Given Farage is probably the only person in the line-up who is reliably known across the nation – of whom 7.7m tuned in last night, the lowest series launch in recent history – it’s hardly surprising that jokes about him have to make up the majority of the material in a programme whose format has been milked for all it’s worth.

Strap a Go-Pro to a soap opera actor and make them wobble over the edge of a skyscraper? Tick. Submerge an inappropriately dressed YouTuber in gunge? Tick. Let them all have a go in the helicopter for a bit, because they are “celebrities” after all? Tick, tick, boom, please someone blow up my television.

Nigel Farage on his I'm A Celeb debut
Nigel Farage searches for stars in the back of gunk-filled truck with influencer Nella Rose (Photo: ITV)

The only moment in which Farage does not get the sort of reaction on which he thrives is when the gifted singer-slash-actress Jamie-Lynn Spears has no idea who he is, is told (incorrectly) by Gibson he was an MP, and doesn’t know what that is either. Gibson tries again with “politician type thing”, which sates the “girl from the South”, whom we could almost root for were it not for her uncomfortably public feud with her little-known sister, Britney, surrounding the 13-year conservatorship inflicted on the latter by their father.

Yet sadly, even here, the Toad has won: Spears’ ignorance becomes a point of amusement, and Farage’s infallible reputation as a Significant Figure is bolstered once again. Don’t know who Nigel Farage is?! The most divisive and well-known politician on these islands that he campaigned so furiously to separate from the rest of the world? Joke’s on you, Jamie-Lynn.

And us, of course. The joke is always on us. Did I mention: £1.5m? I’m a Celebrity gives the public the illusion of agency by allowing them to vote for which celebrities should partake in various gruesome challenges. Yet for all their horrors – last night, Farage, along with the YouTuber Nella Rose, were chosen to go to the “jungle pizzeria” – this just allows them more attention, more opportunities for redemption.
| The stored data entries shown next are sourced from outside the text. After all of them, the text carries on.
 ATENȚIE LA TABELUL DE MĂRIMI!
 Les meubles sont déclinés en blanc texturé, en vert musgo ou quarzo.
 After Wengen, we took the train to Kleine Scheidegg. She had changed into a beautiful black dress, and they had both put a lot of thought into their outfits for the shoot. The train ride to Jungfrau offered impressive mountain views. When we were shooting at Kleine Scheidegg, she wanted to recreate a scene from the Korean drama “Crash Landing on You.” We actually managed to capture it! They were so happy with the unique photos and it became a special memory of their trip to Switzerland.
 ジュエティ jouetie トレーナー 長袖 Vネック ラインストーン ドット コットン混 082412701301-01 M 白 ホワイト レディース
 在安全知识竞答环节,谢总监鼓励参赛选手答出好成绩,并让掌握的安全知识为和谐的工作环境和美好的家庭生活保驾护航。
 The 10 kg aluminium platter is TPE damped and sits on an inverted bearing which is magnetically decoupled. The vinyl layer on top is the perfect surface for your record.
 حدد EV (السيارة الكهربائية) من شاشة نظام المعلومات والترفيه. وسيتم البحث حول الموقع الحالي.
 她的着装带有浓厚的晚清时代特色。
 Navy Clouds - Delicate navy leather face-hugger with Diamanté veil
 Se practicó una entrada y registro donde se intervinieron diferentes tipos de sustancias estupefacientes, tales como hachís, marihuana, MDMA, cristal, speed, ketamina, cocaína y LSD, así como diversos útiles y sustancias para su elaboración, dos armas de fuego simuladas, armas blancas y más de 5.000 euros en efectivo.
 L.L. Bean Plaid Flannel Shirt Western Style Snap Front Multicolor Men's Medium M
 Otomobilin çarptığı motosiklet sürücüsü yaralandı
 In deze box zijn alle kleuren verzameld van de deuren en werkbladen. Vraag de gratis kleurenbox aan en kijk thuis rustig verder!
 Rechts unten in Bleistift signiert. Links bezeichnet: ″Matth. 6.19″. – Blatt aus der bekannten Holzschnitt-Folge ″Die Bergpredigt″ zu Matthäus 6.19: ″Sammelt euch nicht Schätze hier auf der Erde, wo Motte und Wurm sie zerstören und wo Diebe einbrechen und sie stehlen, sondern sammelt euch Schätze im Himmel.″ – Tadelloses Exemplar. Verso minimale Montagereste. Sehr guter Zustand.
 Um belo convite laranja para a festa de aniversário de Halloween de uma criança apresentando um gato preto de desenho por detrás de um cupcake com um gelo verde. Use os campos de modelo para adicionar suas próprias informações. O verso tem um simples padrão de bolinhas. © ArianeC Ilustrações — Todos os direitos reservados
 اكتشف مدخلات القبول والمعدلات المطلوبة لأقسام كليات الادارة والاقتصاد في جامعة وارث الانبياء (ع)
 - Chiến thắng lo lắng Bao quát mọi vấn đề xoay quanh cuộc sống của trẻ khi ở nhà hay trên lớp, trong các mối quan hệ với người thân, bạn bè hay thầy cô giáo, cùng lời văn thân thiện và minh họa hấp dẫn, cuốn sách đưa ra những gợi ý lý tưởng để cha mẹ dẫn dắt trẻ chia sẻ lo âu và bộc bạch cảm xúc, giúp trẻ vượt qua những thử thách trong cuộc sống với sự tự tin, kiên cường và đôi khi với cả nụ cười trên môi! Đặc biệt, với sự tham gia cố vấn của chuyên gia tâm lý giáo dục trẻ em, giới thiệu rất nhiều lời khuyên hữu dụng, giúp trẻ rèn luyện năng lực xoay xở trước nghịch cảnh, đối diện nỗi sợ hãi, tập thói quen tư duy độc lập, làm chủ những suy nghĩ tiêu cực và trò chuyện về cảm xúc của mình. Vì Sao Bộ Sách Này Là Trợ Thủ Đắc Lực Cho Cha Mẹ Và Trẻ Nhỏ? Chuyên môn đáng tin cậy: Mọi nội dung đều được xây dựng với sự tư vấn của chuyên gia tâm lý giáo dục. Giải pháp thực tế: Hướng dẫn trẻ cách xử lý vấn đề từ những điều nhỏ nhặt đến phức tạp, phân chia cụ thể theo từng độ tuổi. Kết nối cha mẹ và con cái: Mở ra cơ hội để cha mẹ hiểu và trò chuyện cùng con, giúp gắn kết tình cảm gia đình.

We should have learnt our lesson: last year, coincidentally, the line-up was infiltrated by a poisonous treefrog called Matt Hancock, whose mishandling of the Covid pandemic as health secretary is thought to have contributed to 20,000 unnecessary deaths. No amount of being doused in insects or eating kangaroo genitalia can make up for that – and yet after a rough few weeks in the jungle, Hancock proved he was a “good sport”, and ended up in the final three.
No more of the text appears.